By Ricky Wen, ElliottWaveTrader.net
The second week of October showcased a vigilant effort from both bulls and bears in realizing their short-term targets/goals. However, in the end, the bulls won the key battles again with the massive bull engulf daily candlestick (2881.75-2954 on the Emini S&P 500) on Thursday. In essence, the market was able to do the standard lower high/daily 20EMA rejection during early week back into the 2880-2900 first target zone, but the bears were unable to sustain that momentum into the second target zone of 2850-2860. Overall, the bulls have now completed the higher lows/double bottom setup, and the earnings week acceleration to the upside seems to be occurring.
The main takeaway from this week is that we are treating bears as mythical creatures, back into extinction mode, until they can resurrect themselves. Price action closed above 2955 on Friday for one session and backtested against the 2994 prior week’s high, signifying a full retracement of the inside week range. For the next few sessions and weeks, treat 2855 vs 2881.75 as a higher lows/double bottom setup on the daily and weekly timeframe, and dips should be buyable when immediate trending supports hold on the micro trending charts such as 1hr/4hr.
Friday closed at 2970.25 on the ES as a top wick bull bar candlestick. The bulls were unable to close at the dead highs, but they closed above the major 2955 level from these past few months. Heading into this week, when above 2941.75, all dips are buyable on the micro and traders should be focused on buying dips only until price proves otherwise. Below 2941.75 creates another potential double top/lower high setup on the lower timeframes that could extend into the daily/weekly timeframe.
Technically speaking, price action is still trading within an inside week range of 2994.5-2855 overall from the September 30th week, and traders must be aware of this if Monday and the early week in general does not gap up or break above this range. Earnings season is ahead of us, so traders must make sure to manage risk exposure/deltas properly in this environment with the potential of another inside week “shake and bake.”
Our 4-hour white line projection is king for now with 4-hour red line projection as alternative. Adapt when price proves otherwise. Also keep in mind that the daily chart could be a W-bottom formation already or one more retracement lower, then a blast off towards 3193.75 macro target.
The weekly chart was an inside week full retracement of the Sept 30th bear candlestick, and the higher lows/double bottom setup is fairly clear on this timeframe. At this point, when above 2881.75, the bulls have the ball, and this is especially true when above 2900/2915.
Overall October Bias and Into Year End/Year 2020:
- The multi-monthly chart range is 2775.75- 3029.50 overall and we’re treating this as a bullish consolidation given the macro trend until the odds shift.

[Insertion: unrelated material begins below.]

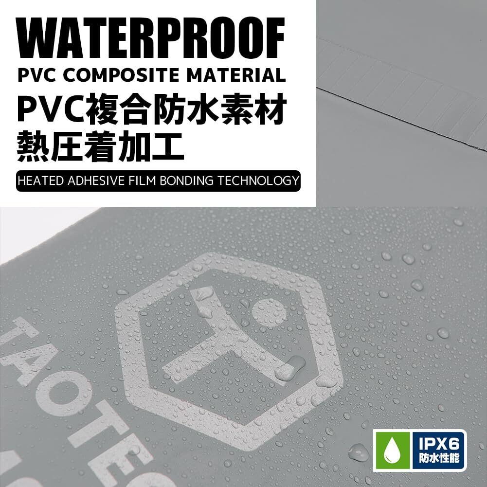 【縫い目なし】高周波熱着圧(ウェルダー)加工により、継ぎ目からの水を侵入防止しています。表面のTaoTechのLoGoは反射材仕様、夜間の使用も安心。

- For the immediate pathway of the bull train to produce a significant immediate momentum setup into 3193.75 measured move target, then the 2955, 2995, 3029.5 levels are the trigger levels.
- Watch closely and adapt if bears shift the odds by breaking back below 2855/2775.75.
- Utilize level by level approach and know your timeframes.
- October low could very well be in already from the 2855 sticksave, so be aware of this potential.